As it may increase overtime, change version*
columns type to bigint
to support bigger value.
We don’t need inserted_at
and updated_at
columns generated by Phoenix so we omit timestamps()
.
Edit xxx_create_posts.exs
:
# priv/repo/migrations/xxx_create_posts.exs
defmodule BlogApp.Repo.Migrations.CreatePosts do
use Ecto.Migration
def change do
create table(:posts, primary_key: false) do
add :id, :binary_id, primary_key: true
add :title, :string
add :content, :string
add :likes, :integer
add :created_at, :utc_datetime_usec
add :updated_at, :utc_datetime_usec
add :created_at_server, :utc_datetime_usec
add :updated_at_server, :utc_datetime_usec
add :deleted_at_server, :utc_datetime_usec
add :push_id, :integer
- add :version, :integer
+ add :version, :bigint, default: fragment("nextval('version_seq')")

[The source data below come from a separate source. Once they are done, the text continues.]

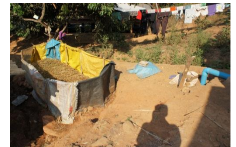
NO.7 Laoneng Saeyang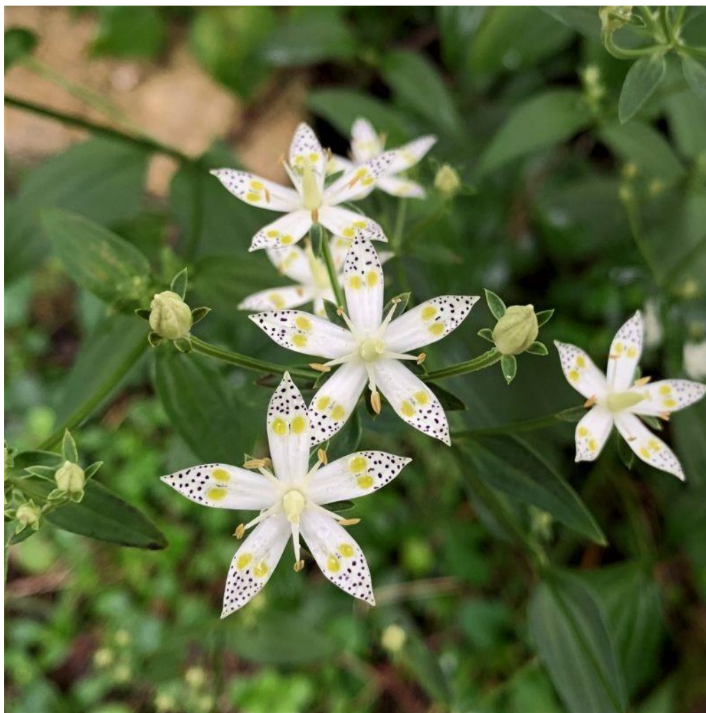
【写真3】 アケボノソウ（湿地植物園） R2.9.24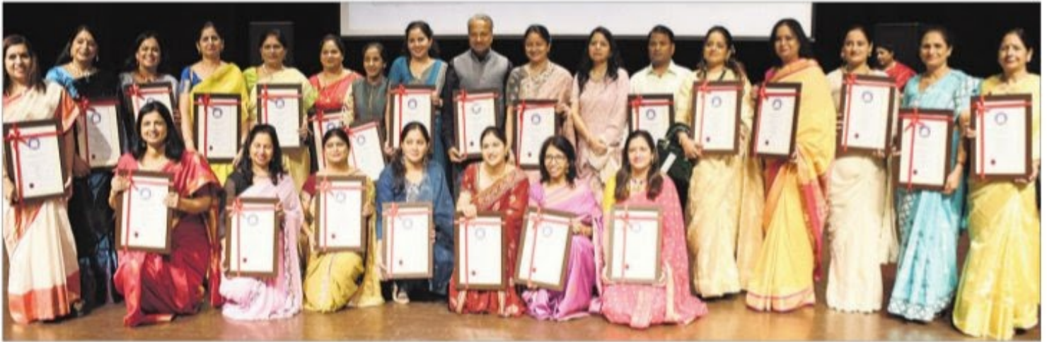
Teachers pose with their awards after the felicitation ceremony at Tagore Theatre, Chandigarh, on Tuesday.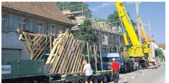
Zug um Zug wurde das historische Gebäude abgebaut und per Tieflader in die Montagehalle nach Rot an der Rot transportiert, wo die Teile restauriert und wieder zusammengesetzt werden.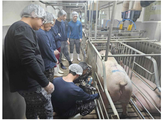
스마트양돈사육의 이해 과정(대학생) 1기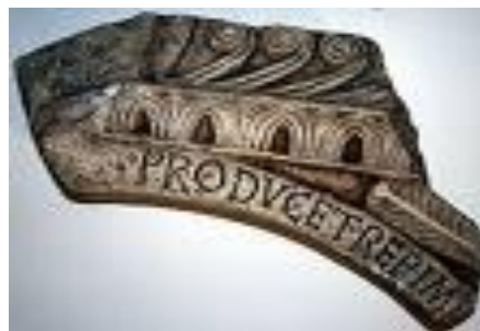
Slika 4. Trpimirov natpis

Mnogi su filolozi iznosili čvrste pretpostavke kako se i pri kristijanizaciji Hrvata zasigurno njihov jezik zapisivao latinskim slovima, barem osnovna liturgijska štiva. U korpusu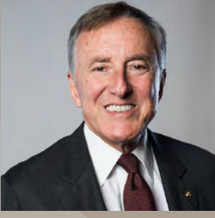
F. Bülent Eczacıbaşı

Eczacıbaşı Holding Yönetim Kurulu Başkanı Bülent Eczacıbaşı, çalışma yaşamına 1974 yılında başladı. 1991-1993 yıllarında Türk Sanayici ve İş İnsanları Derneği (TÜSİAD) Yönetim Kurulu Başkanlığı, 1997-2001 yıllarında TÜSİAD Yüksek İstişare Konseyi Başkanlığı, 1993-1997 yıllarında Türkiye Ekonomik ve Sosyal Etüdler Vakfı (TESEV) Kurucu Yönetim Kurulu Başkanlığı, 2000-2008 yıllarında ise İlaç Endüstrisi İşverenler Sendikası (İEİS) Yönetim Kurulu Başkanlığı yaptı. Bülent Eczacıbaşı, Eczacıbaşı Topluluğu kuruluşlarında Yönetim Kurulu Başkanlığı görevlerini yürütmektedir.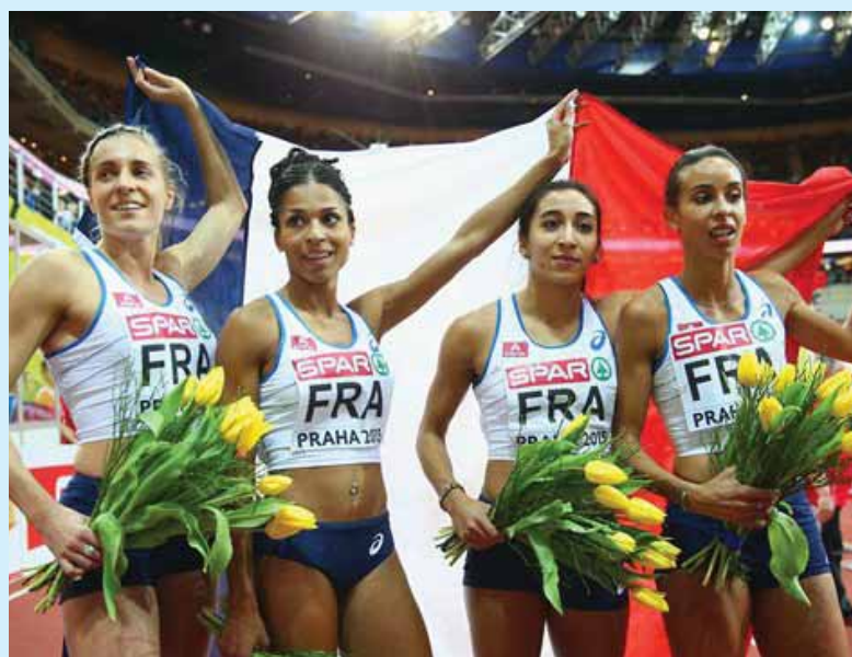
Η ομάδα σκυταλοδρομίας της Γαλλίας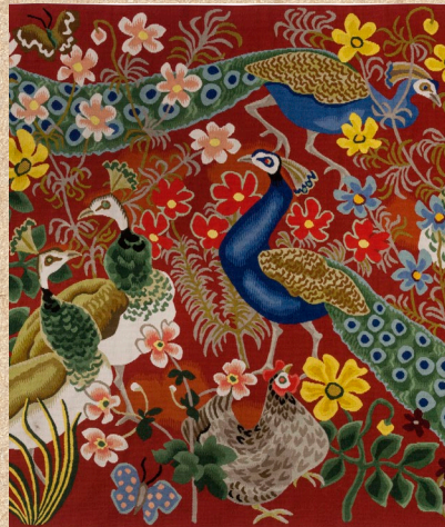
Dom Robert - L'Été (extrait) Tapisserie conservée au Musée Dom Robert et de la tapisserie du XX e siècle de Sorèze.

Destinations Tarnaises & Espace Randos Hôtel Reynès - 14 Rue Timbal - 81000 ALBI Tél. 05 63 47 73 06 www.randonnee-tarn.com info@rando-tarn.com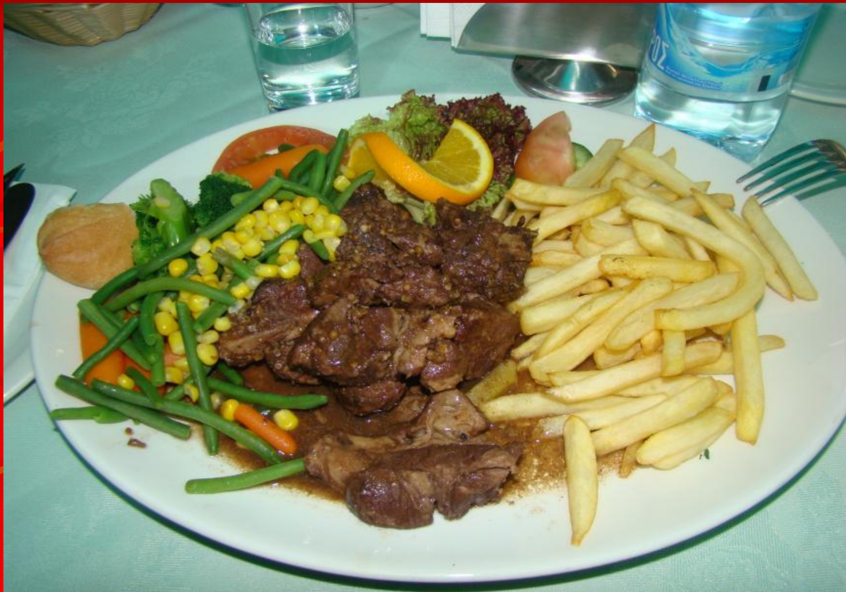
Еда на «халяву»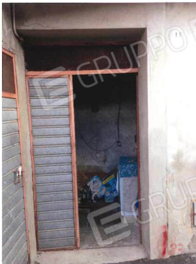
Foto 5 / 6 – Magazzini del Fabbricato in via Loi nn. 13 – 17 - foglio 21, mappale 456, sub 1 – 2 (lotto 1)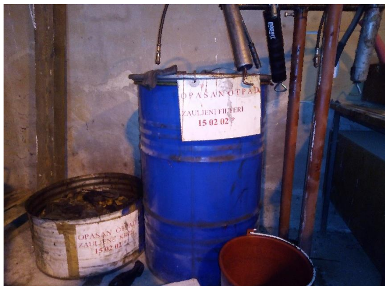
Slika 37. Bačve za odlaganje zaujelih krpa i bačva za odlaganje pročistača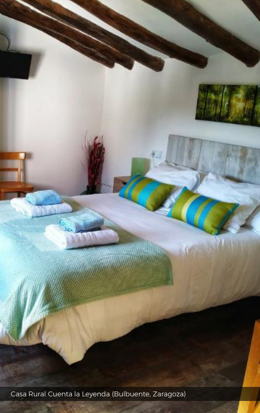
Casa Rural Cuenta la Leyenda (Bulbunte, Zaragoza)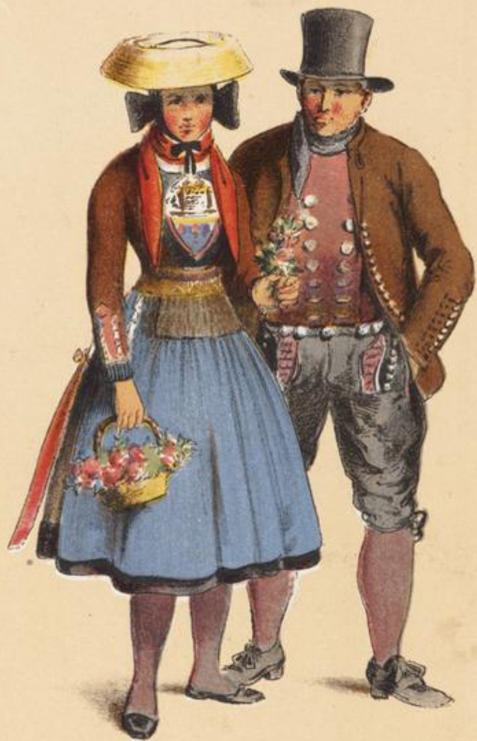
VIERLANDE near Hamburg.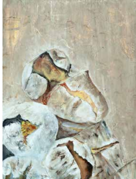
VITALINA SANTOS QUENTES E BOAS acrílico s/ tela, 2022 300€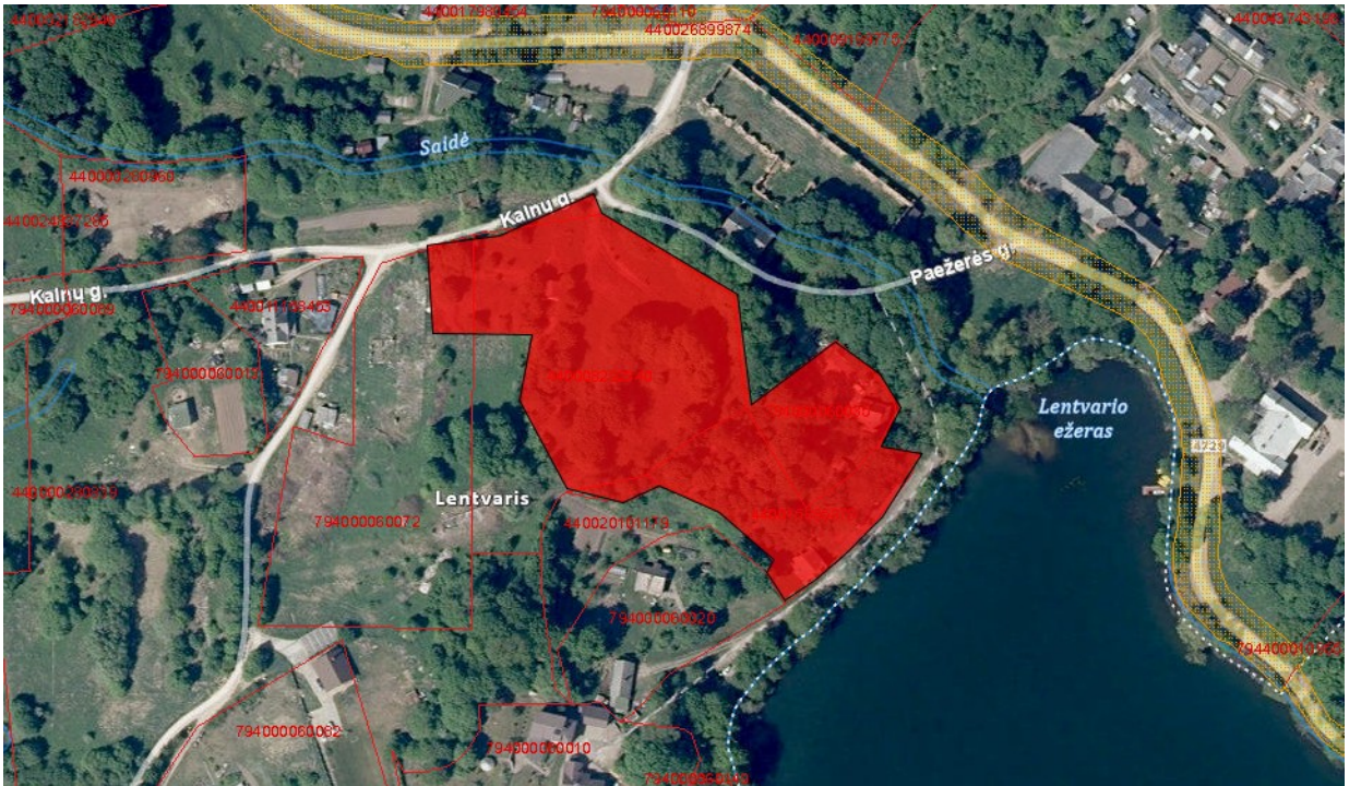
Tvarkymo plotas Nr. 1 (privati žemė)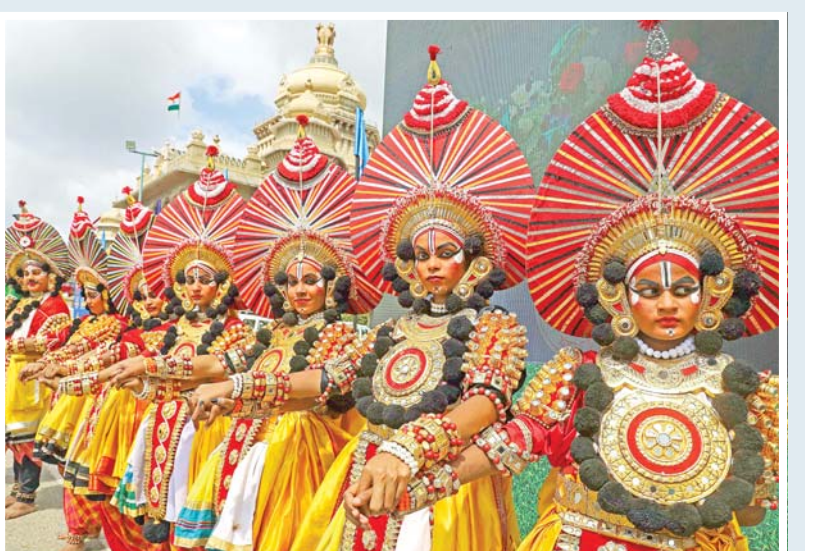
માનવ સાંકળનો વિક્રમ: કર્ણાટકમાં 'આંતરરાષ્ટ્રીય લોકશાહી દિન'ની ઉજવણી કરવા પચીસ હજાર લોકોએ માનવ સાંકળ રચીને વિશ્વ વિક્રમ કર્યો હતો. માનવ સાંકળ તૈયાર કરવામાં મુખ્ય પ્રધાન સિદ્ધરમેયા, પ્રધાનો, સરકારી અધિકારીઓ, કર્મચારીઓ, કલાકારો, વિદ્યાર્થીઓ અને સામાન્ય નાગરિકો જોડાયા હતા. તેઓએ વૃક્ષ ઉગાડવા હજારો રોપા પણ વાવ્યા હતા.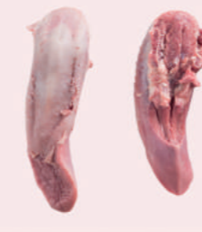
• LENGUAS DE CERDO • PORK TONGUES • 猪舌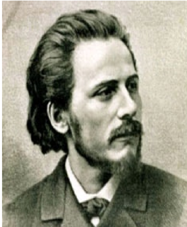
Slika 2: Jules Massenet u mladosti 1

Prvu profesionalnu priliku za skladateljski posao dobio je 1867. godine kada mu Opera - Comique u Parizu nudi skladanje jednočinke Le grande tante . Godinu dana nakon toga, bračni par je dobio svoje jedino dijete, kćer Juliette. Iste godine upoznaje izdavača i novinara Georgesa Hartmanna koji mu pomaže u karijeri idućih 25 godina.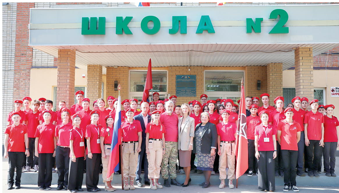
Праздничная линейка, посвященная присвоению школе статуса «Дом Юнармии».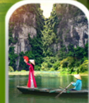
ล่องเรือตามก๊ก (ฮาลองบ๊ก)

เที่ยว 4 วัน 3 คืน เดินทาง กันยายน - ธันวาคม 67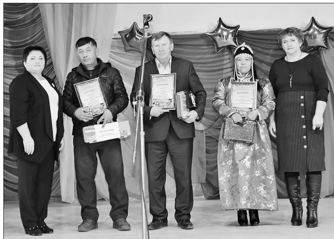
Награждены лучшие КФХ района

В завершение праздничного мероприятия состоялся розыгрыш «Счастливого места в зале», 5 призов — свою продукцию — предоставили ООО «Бичурский маслозавод» и ООО «Еланская гречиха».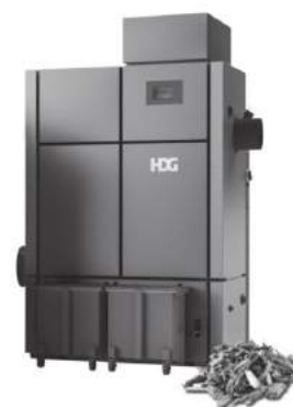
Hackschnitzelkessel von 25-800 kW

Weitere Termine und Anmeldung unter Tel. 08724/897-0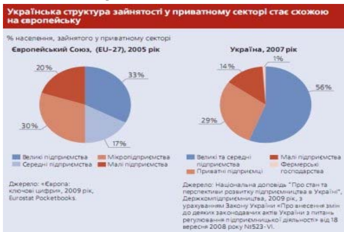
Рис. 3. З дослідження IFC «Інвестиційний клімат в Україні: яким його

Для попередження кризових явищ на підприємстві використовується фінансовий аналіз, що дозволяє у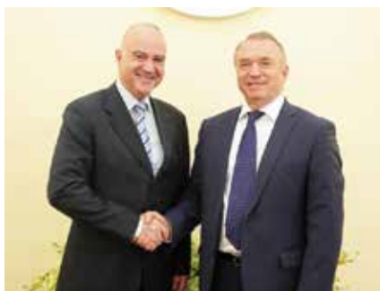
Посол Хорватии в России Тончи Станинич и Президент ТПП РФ Сергей Каттырин

Министр энергетики РФ, глава российской части Межправительственной смешанной российско-испанской комиссии по экономическому и промышленному сотрудничеству Александр Новак сообщил, что, несмотря на непростые времена, в первом квартале взаимный товарооборот вырос почти в полтора раза (российский импорт — на одну треть, а экспорт — на две трети), хотя в прежние годы достигались и более высокие результаты.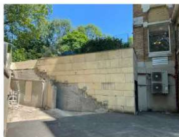
Entrée Hôpital : démolition de l'escalier menant au parvis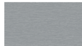
99 - szary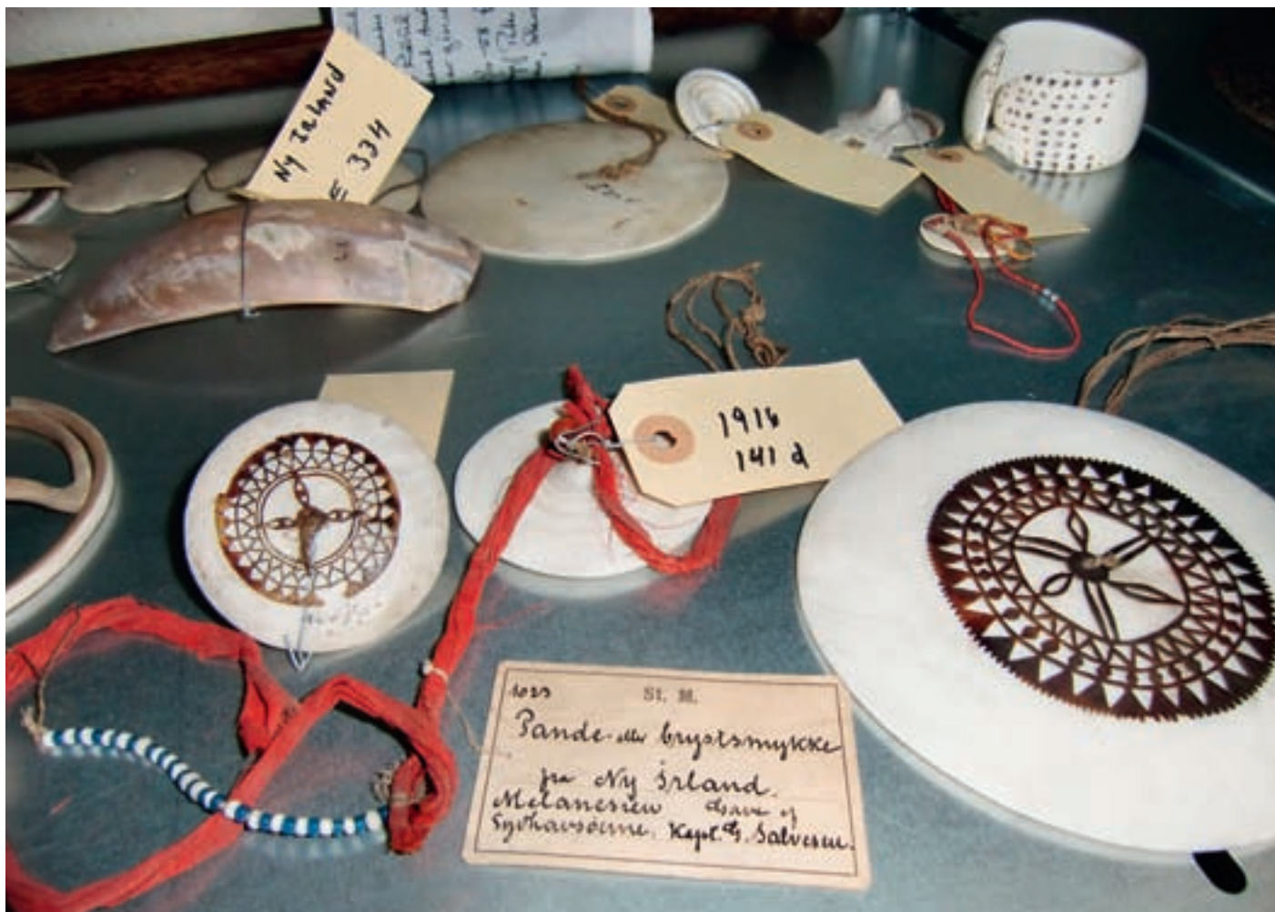
Fra Museum Stavangers magasin - gjenstander fra Melanesia som tilhører den etnografiske samlingen til Kulturhistorisk avdeling.

“What every museum displays, in one form or other, is the difference in interpretation. Interpretation is the relation between things and the words used to describe them, and this relation always involves a gap. Museums need not contain artefacts and need not contain text: sometimes interpretation is implecit and hidden. But without interpretation, without representing a relation between things and conseptual structures, an institution is not a museum, but a storehouse.” 5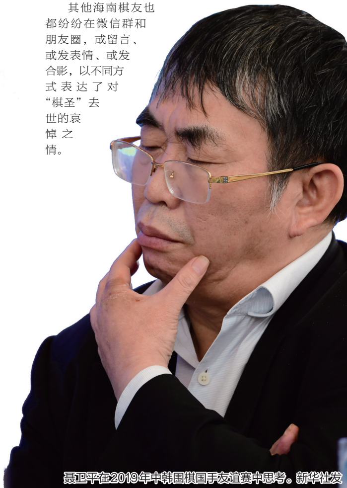
聂卫平在2019年中韩围棋国手友谊赛中思考。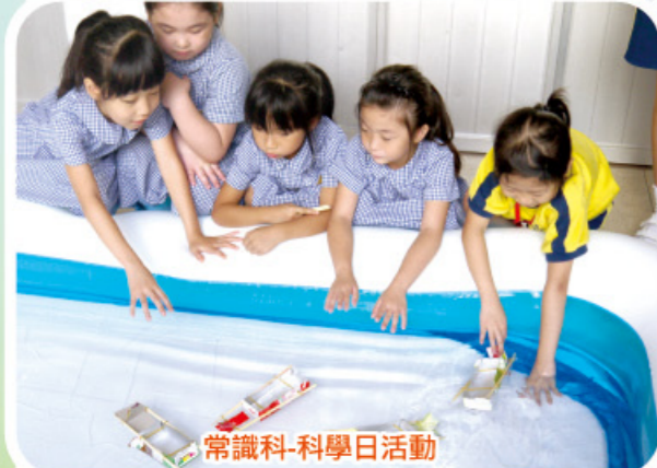
常識科-科學日活動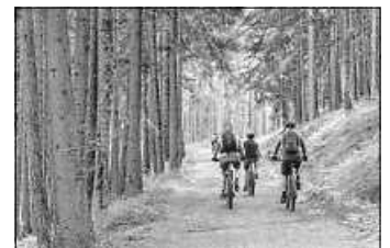
Eine Radtour mit Förster Bernd Obermeier zur Arbeit und den Spuren der Forstwirtschaft im Wald bietet das Forstamt des Enzkreises an.

Treffpunkt ist um 10 Uhr am Rathaus Ötisheim. Anmeldungen nimmt das Forstamt ab sofort per E-Mail an forstamt@enzkreis.de gerne entgegen. (enz)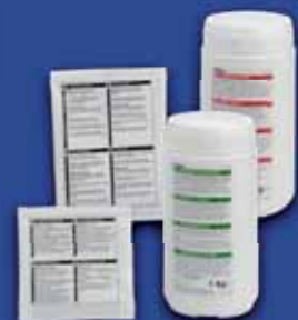
LÖSUNGSMITTEL Entkalkungs- und Kaffeensatzlösungsmittel. Erhältlich in Beuteln oder kg Dosen.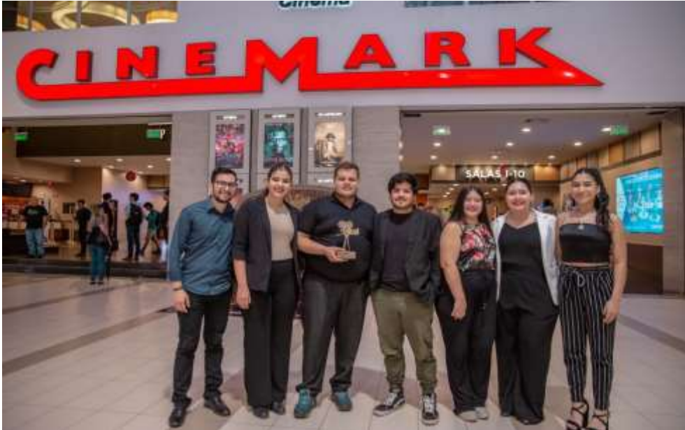
Imagen 3. Ganadores del segundo puesto "El valor de un balón"

- add :version_created, :integer
+ add :version_created, :bigint, default: fragment("nextval('version_seq')")
- timestamps()
end
end
end
To enable JSON encoding for Post
schema, annotate it with @derive
Jason.Encoder
for certain columns only:
# lib/blog_app/blog/post.ex
defmodule BlogApp.Blog.Post do
use Ecto.Schema
import Ecto.Changeset
@primary_key {:id, :binary_id, autogenerate: true}
@foreign_key_type :binary_id
+ @derive {Jason.Encoder, only: [:id, :title, :content, :likes]}
schema "posts" do
field :title, :string
field :content, :string
field :likes, :integer
field :created_at, :utc_datetime_usec
field :updated_at, :utc_datetime_usec
field :created_at_server, :utc_datetime_usec
field :updated_at_server, :utc_datetime_usec
field :deleted_at_server, :utc_datetime_usec
field :push_id, :integer
field :version, :integer
field :version_created, :integer
- timestamps()
end
# ...
end
$ mix ecto.migrate
Sync Endpoint
Sync endpoint will be handled by:
- push:
POST /api/sync/push?lastPulledVersion=<lastPulledVersion>
- pull:
GET /api/sync/pull?lastPulledVersion=<lastPulledVersion>
Edit lib/blog_app_web/router.ex
# lib/blog_app_web/router.ex
defmodule BlogAppWeb.Router do
# ...
scope "/api", BlogAppWeb do
pipe_through :api
post "/sync/push", SyncController, :push
get "/sync/pull", SyncController, :pull
end
# ...
end
Controller
Create lib/blog_app_web/controllers/sync_controller.ex
# lib/blog_app_web/controllers/sync_controller.ex
defmodule BlogAppWeb.SyncController do
use BlogAppWeb, :controller
alias BlogApp.Sync
def push(
%Plug.Conn{
body_params: req_body,
query_params: %{"lastPulledVersion" => last_pulled_version}
} = conn,
_params
) do
resp = Sync.push(req_body, String.to_integer(last_pulled_version))
json(conn, resp)
end
def pull(
%Plug.Conn{
query_params: %{"lastPulledVersion" => last_pulled_version}
} = conn,
_params
) do
resp = Sync.pull(String.to_integer(last_pulled_version))
json(conn, resp)
end
end
Push
Changes have to be recorded in a DB transaction. If there is a failed data operation, every operation must be rolled back.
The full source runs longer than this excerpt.